What to produce
The data below should be copied out exactly, with its pictures omitted.

Collected data
════════════════
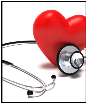
February is Heart Health Month
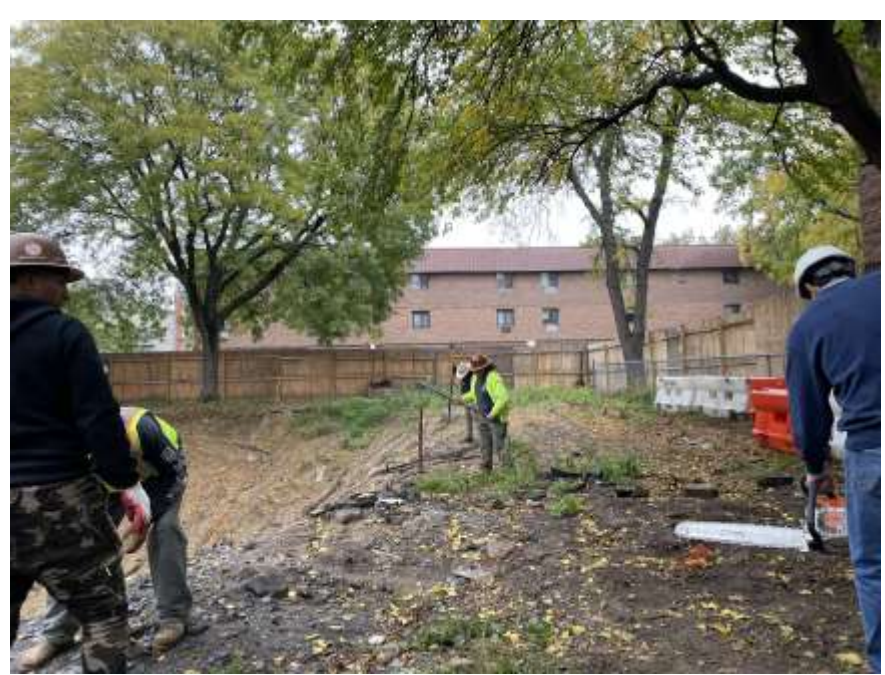
Photo 1: View of SD Builders installing a safety barrier around the existing excavated area of the site (facing north).
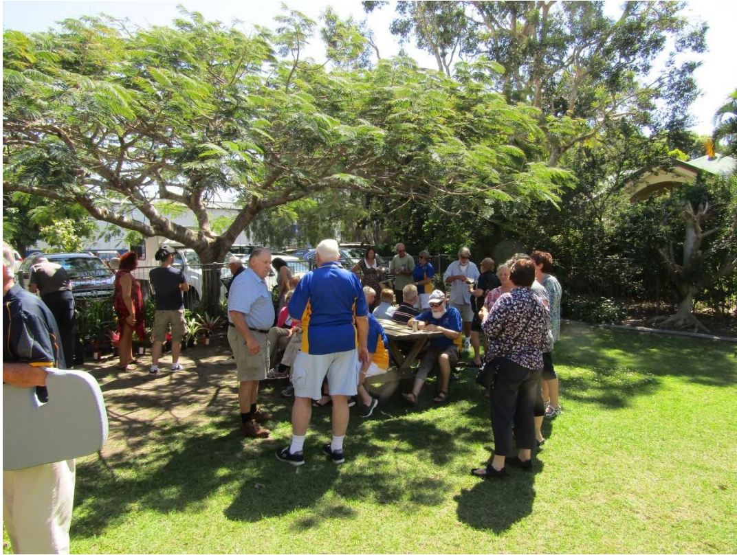
Plenty of activity prior to start of meeting
════════════════
Result
February is Heart Health Month
Photo 1: View of SD Builders installing a safety barrier around the existing excavated area of the site (facing north).
Plenty of activity prior to start of meeting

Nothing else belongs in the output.